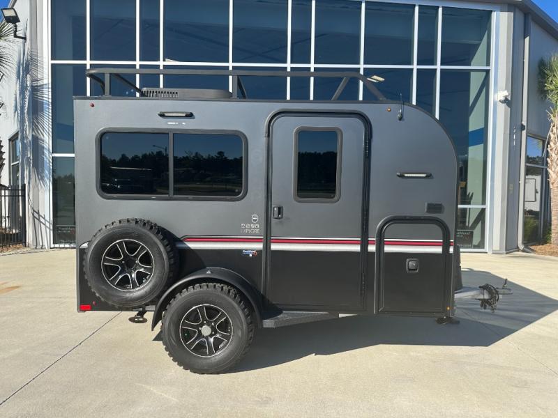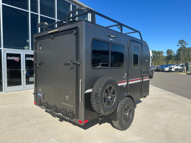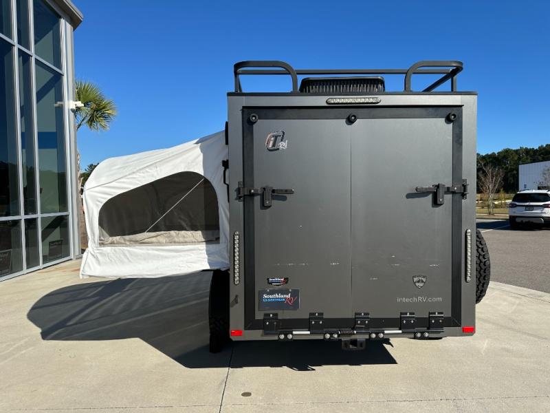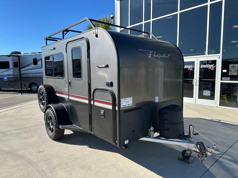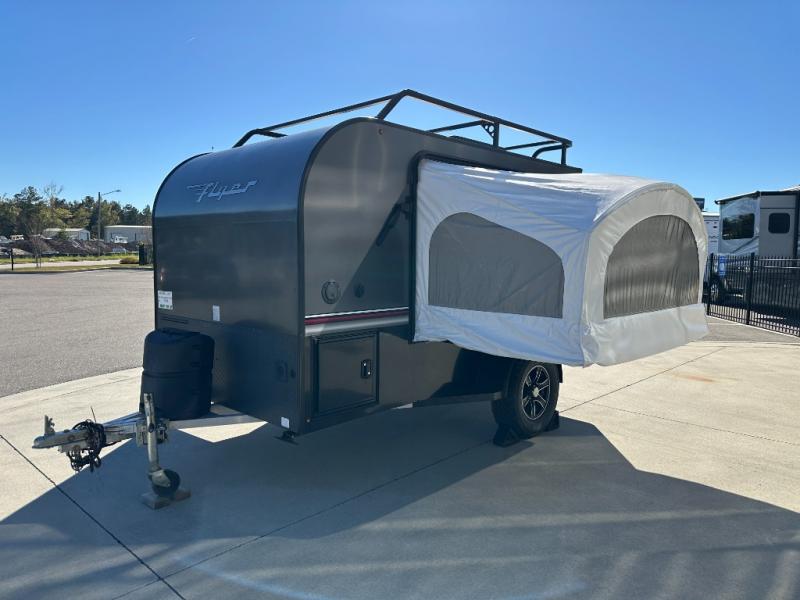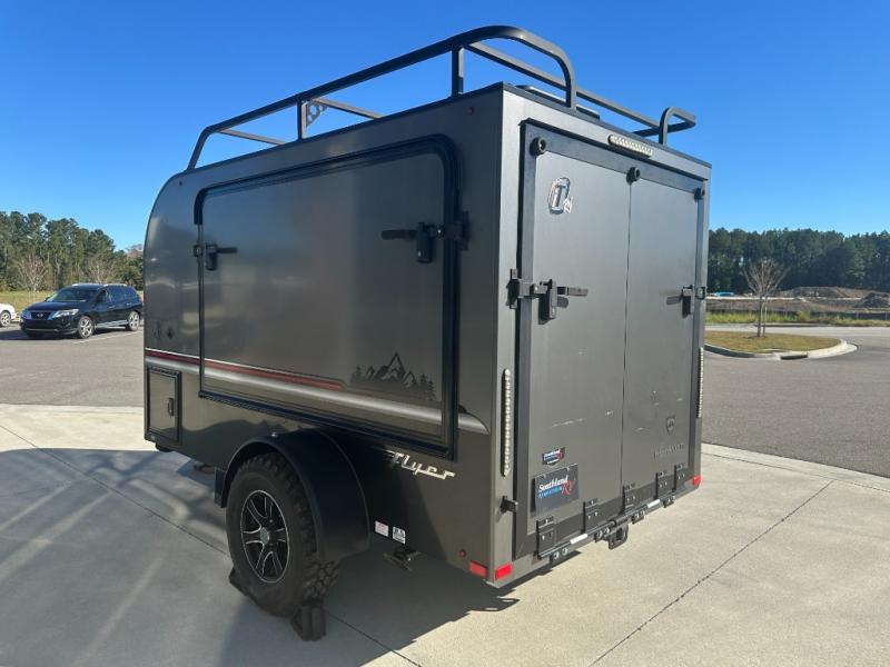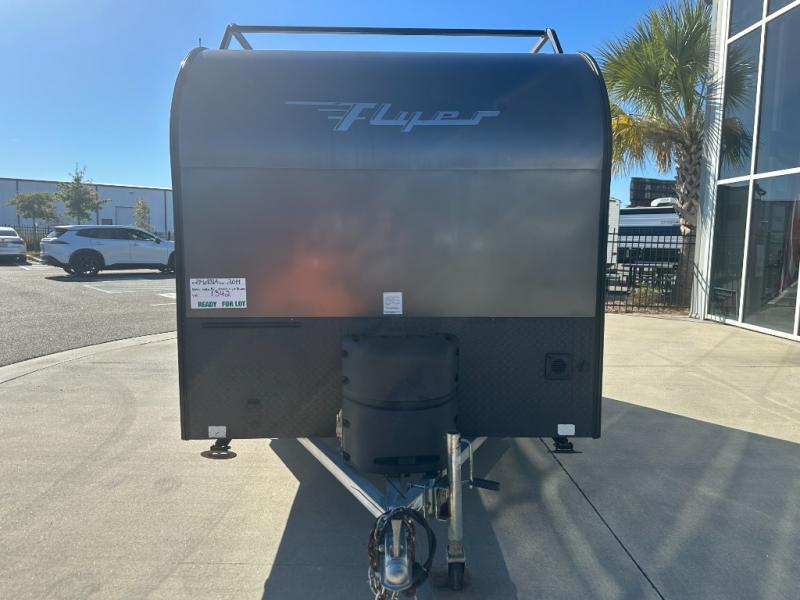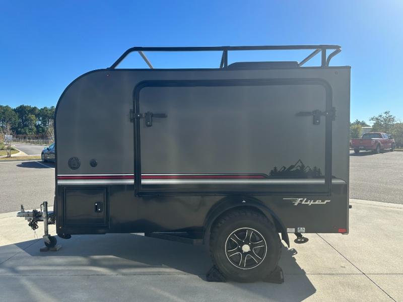 The inTech RV Flyer travel trailers and toy haulers are ready for adventure whenever you are! With the all-aluminum, all-tube cage frame, the Flyer has been built with lightweight and long-lasting materials so that you can enjoy your unit for many, many years. The Flyer has a rugged design so that you can confidently explore new territory and go where traditional RVs cannot. The Flyer has a 2" rear receiver rated for 175 pounds which allows you to bring along your bikes, and the front tongue box is the perfect solution for your storage needs because it is easily accessible and out of the interior. The Flyer also comes with a Bluetooth stereo that has two speakers so that you can always have your best music playing, and the list of optional features is going to entice you to make your Flyer even more exceptional. The optional roof rack will allow you to bring along kayaks, and the optional A/C with heat is definitely going to be tempting to add.
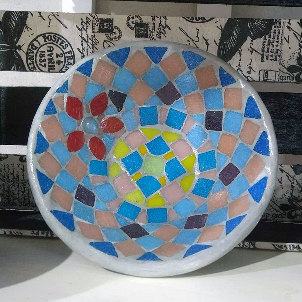 Fue en 2010 cuando “mi suegra me regala un curso de mosaiquismo, era nuevo en Misiones, ‘me voló la cabeza, me encantó’. Lo hice en Eldorado y no lo dejé nunca, pero como son piezas caras porque los materiales son costosos, hago otros trabajos con madera, ahora hago macetas de cemento, también incursioné con velas, aunque eso no es lo mío”, relata con entusiasmo y con mucha gracia dice: “en casa mosaiqueo todo lo que encuentro, también hago espejos, lámparas turcas con mosaicos de vitrofusión, aunque es un trabajo que cuesta”.
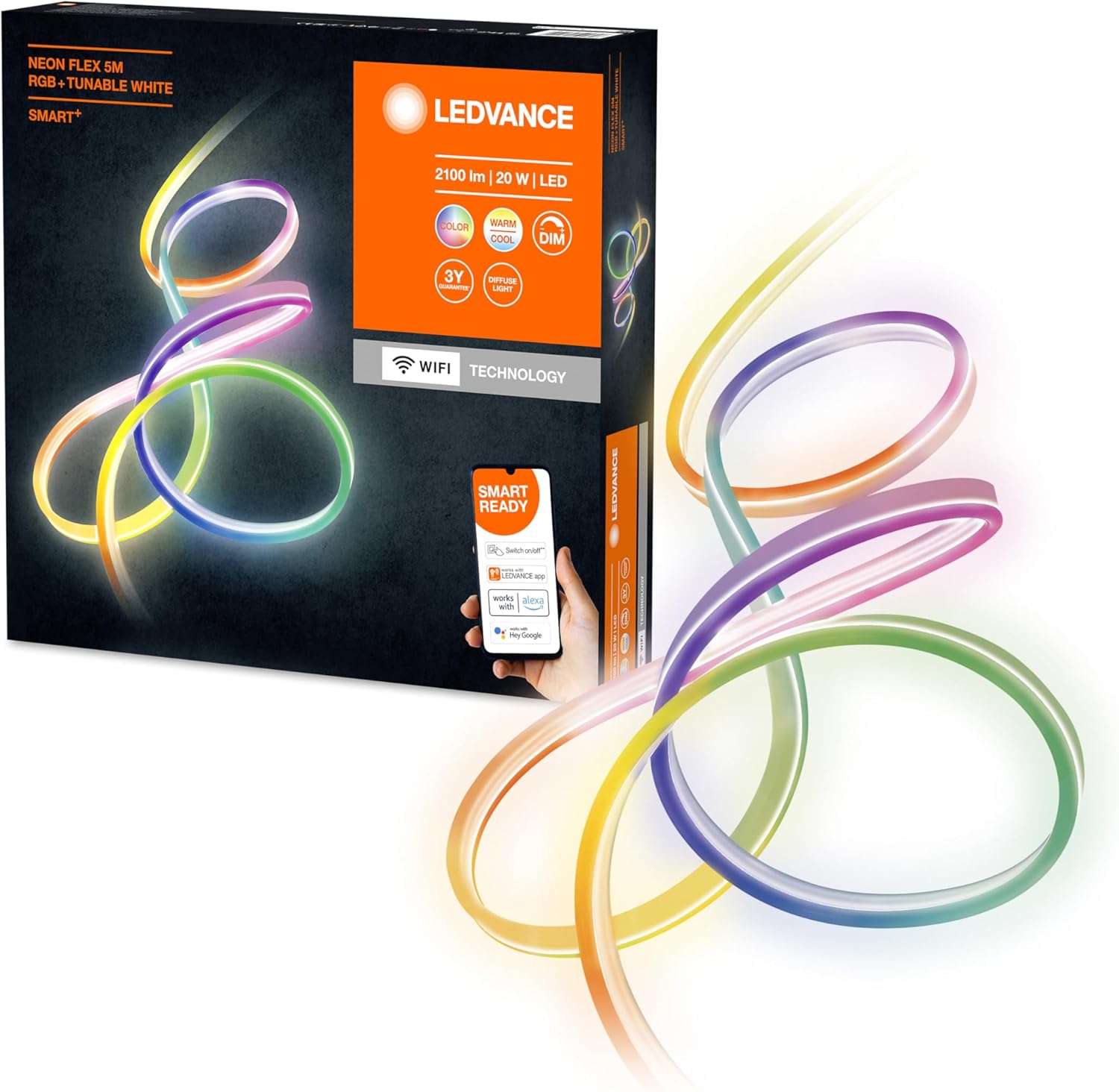 LedvanceLEDVANCE Smart LED Ambiance Lightstrip with WiFi Technology for Outside (with EU-Plug) 5 Meter IP44 Flexible and Bendable Light Color Changeable(2700-6500K) RGB Colors Changeable IP44 SMART+ BT623.86
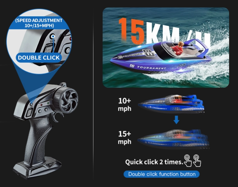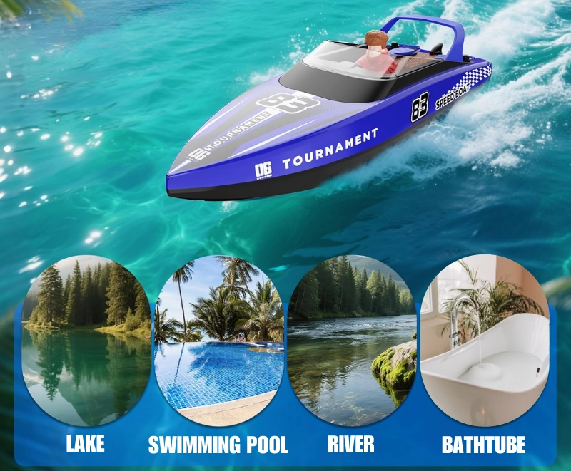 Barca cu telecomanda iUni HJ821, RC High-Speed Boat, Viteza 15 km/h, 2.4GHz, Blue Barca cu telecomanda iUni HJ821, RC High-Speed Boat, Viteza 15 km/h, 2.4GHz, Blue
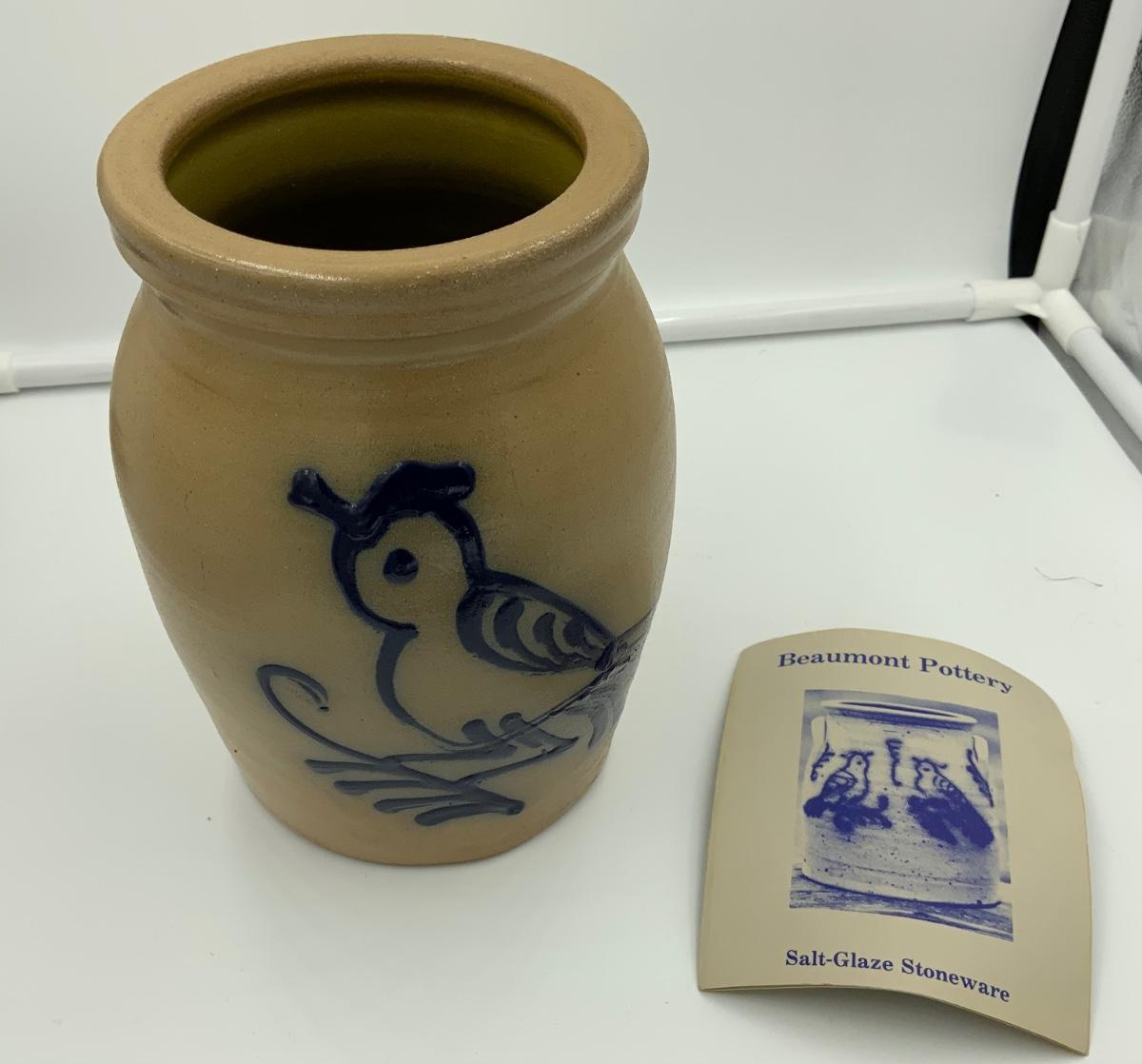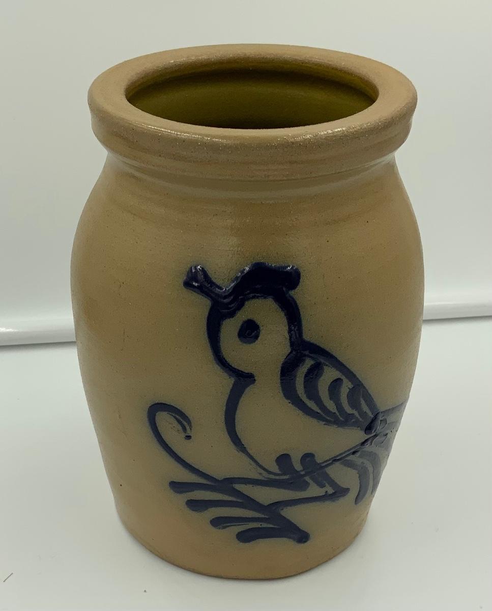 Fantastic crock with cobalt bird pattern! Measures 7”H x 5🔔W and in perfect condition.

═══

Every line of the listing is to be repeated exactly, and the pictures are to be dropped.

 The inTech RV Flyer travel trailers and toy haulers are ready for adventure whenever you are! With the all-aluminum, all-tube cage frame, the Flyer has been built with lightweight and long-lasting materials so that you can enjoy your unit for many, many years. The Flyer has a rugged design so that you can confidently explore new territory and go where traditional RVs cannot. The Flyer has a 2" rear receiver rated for 175 pounds which allows you to bring along your bikes, and the front tongue box is the perfect solution for your storage needs because it is easily accessible and out of the interior. The Flyer also comes with a Bluetooth stereo that has two speakers so that you can always have your best music playing, and the list of optional features is going to entice you to make your Flyer even more exceptional. The optional roof rack will allow you to bring along kayaks, and the optional A/C with heat is definitely going to be tempting to add.
 Fue en 2010 cuando “mi suegra me regala un curso de mosaiquismo, era nuevo en Misiones, ‘me voló la cabeza, me encantó’. Lo hice en Eldorado y no lo dejé nunca, pero como son piezas caras porque los materiales son costosos, hago otros trabajos con madera, ahora hago macetas de cemento, también incursioné con velas, aunque eso no es lo mío”, relata con entusiasmo y con mucha gracia dice: “en casa mosaiqueo todo lo que encuentro, también hago espejos, lámparas turcas con mosaicos de vitrofusión, aunque es un trabajo que cuesta”.
 LedvanceLEDVANCE Smart LED Ambiance Lightstrip with WiFi Technology for Outside (with EU-Plug) 5 Meter IP44 Flexible and Bendable Light Color Changeable(2700-6500K) RGB Colors Changeable IP44 SMART+ BT623.86
 Barca cu telecomanda iUni HJ821, RC High-Speed Boat, Viteza 15 km/h, 2.4GHz, Blue Barca cu telecomanda iUni HJ821, RC High-Speed Boat, Viteza 15 km/h, 2.4GHz, Blue
 Fantastic crock with cobalt bird pattern! Measures 7”H x 5🔔W and in perfect condition.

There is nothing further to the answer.